0:00
0:00

0:00

Prawa autorskie: Ilustracja Weronika Syrkowska / OKO.pressIlustracja Weronika ...

Szczepimy się na odrę i inne choroby zakaźne nie tylko dla siebie samych. Robimy to także dla innych, czyli dla ogółu.

Odporność populacyjna, zwana czasem stadną, to stan, w którym jest tak dużo zaszczepionych ludzi w danej populacji, że patogen nie ma szans się rozprzestrzenić.

“Tak dużo” to różne liczby w przypadku różnych chorób.
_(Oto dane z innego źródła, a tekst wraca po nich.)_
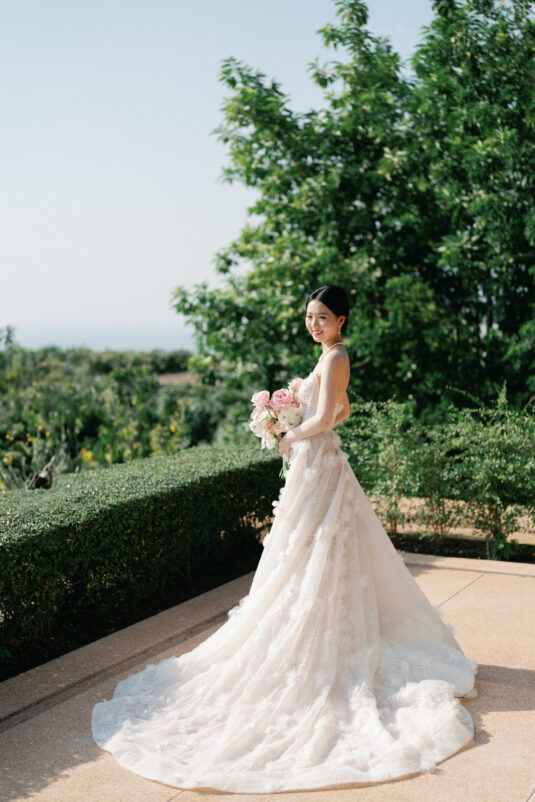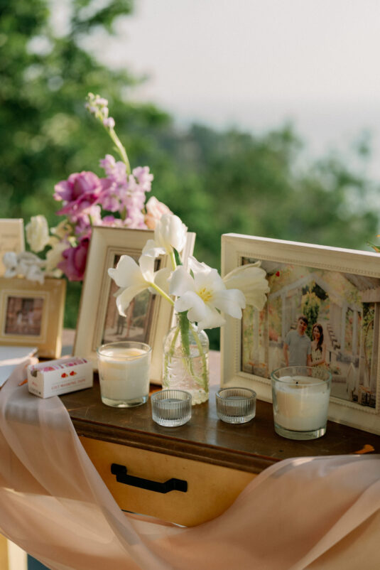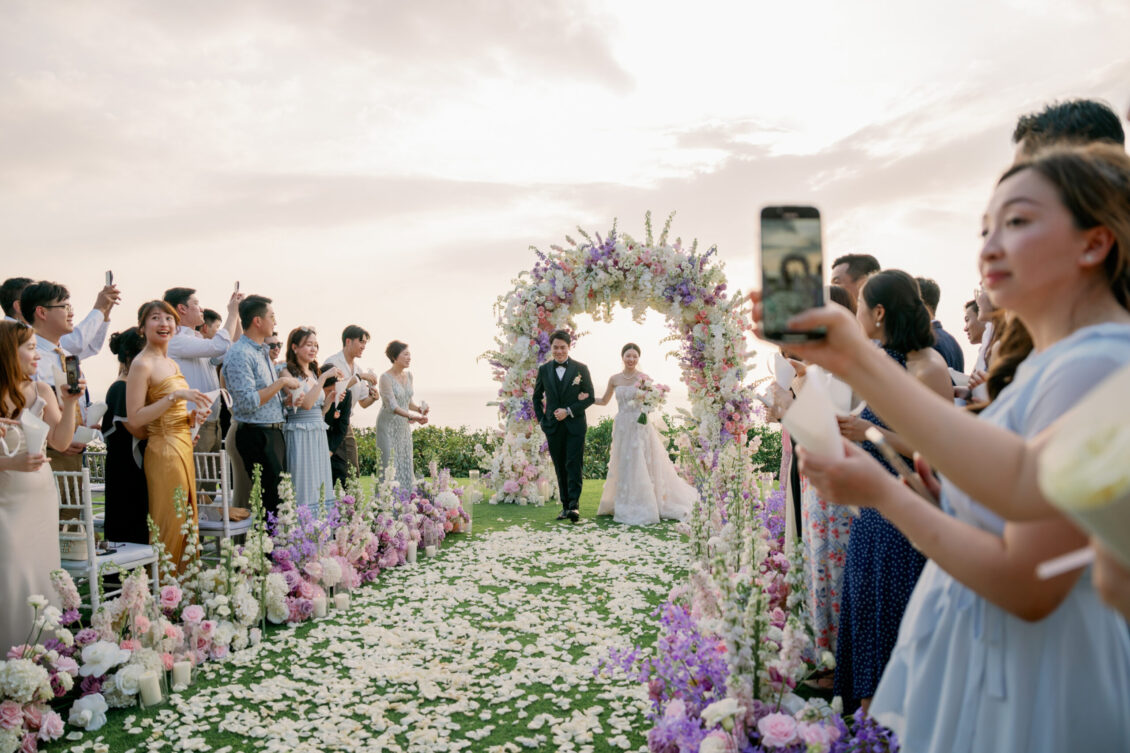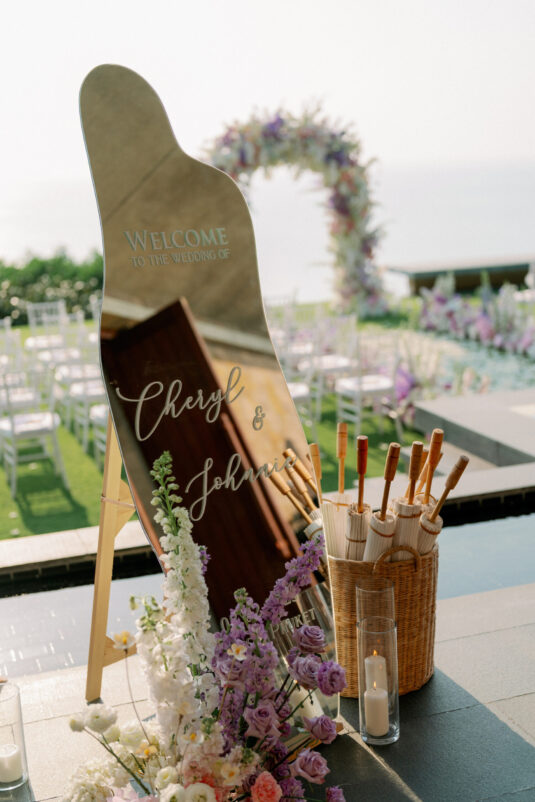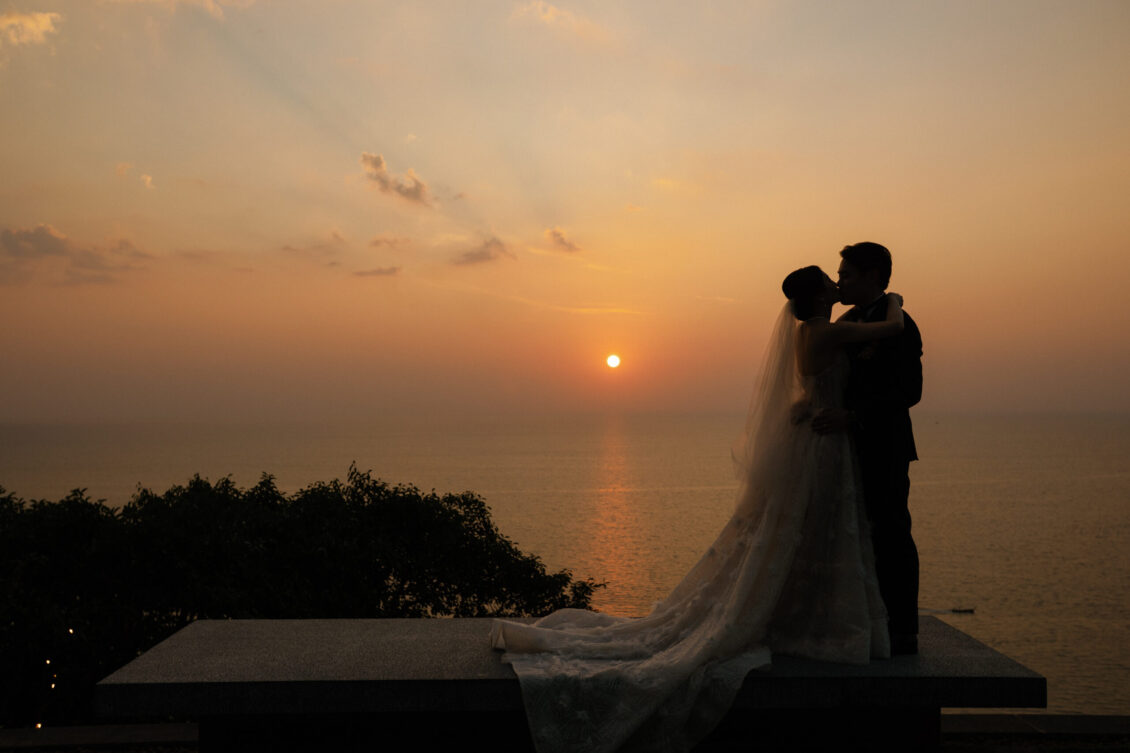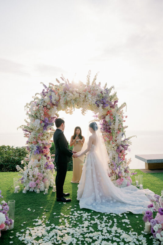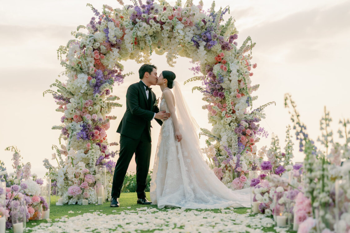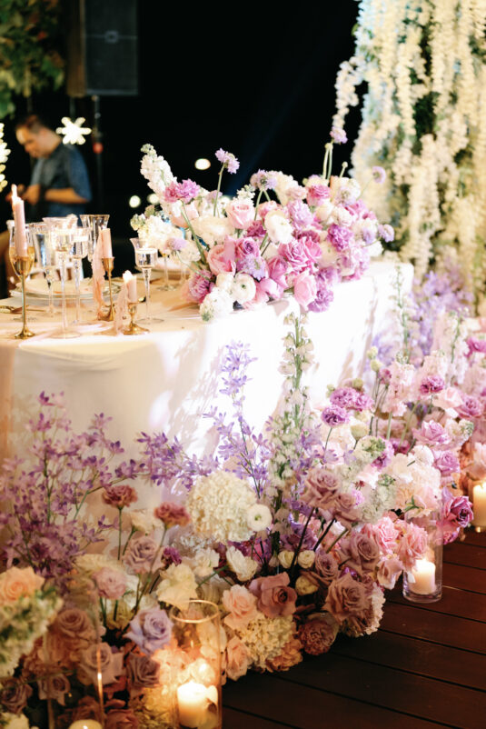 Cheryle and Johnnie’s destination wedding at Paresa Resort Phuket was the epitome of effortless elegance in Phuket. Surrounded by panoramic ocean views and kissed by a soft sea breeze, their seaside ceremony felt like a scene from a cinematic love story. Set against the turquoise horizon, the couple exchanged vows beneath a pastel-hued floral arch, where roses and orchids bloomed in delicate shades of pink, lilac, and ivory. The aisle, blanketed with white rose petals and flanked by lush floral clusters, struck a beautiful balance between luxurious and understated—proof that effortless elegance in Phuket comes down to thoughtful details and impeccable styling.

Jeden patogen przenosi się słabiej i na przykład każdy chory zakaża dwie kolejne osoby. Drugi przenosi się znacznie łatwiej i każdy chory jest źródłem zakażenia kolejnych kilkunastu osób.

Te liczby to tak zwany wskaźnik reprodukcji wirusa lub bakterii w populacji (często oznaczany literą R).

Wzór na odporność populacyjną jest prosty: od jedności odejmujemy odwrotność liczby R (czyli ułamek o postaci 1/R).

W przypadku “zwykłych” odmian wirusa grypy jest to poniżej dwóch osób. Naukowe źródła podają średnio 1,3 osoby. Odporność populacyjna na sezonową grypę wynosi więc 1-1/1,3 (lub, jeśli ktoś woli, 1-10/13). To około 23 procent. Zaledwie taki odsetek zaszczepionych wystarczy, by zatrzymać epidemię grypy.

Jeśli jeden chory zakaża średnio dwie osoby – tak jest na przykład przy bardziej zjadliwych odmianach wirusa grypy – liczba R wynosi 2. Odporność populacyjna nastąpi, gdy zaszczepimy 1-1/2, czyli połowę populacji lub więcej.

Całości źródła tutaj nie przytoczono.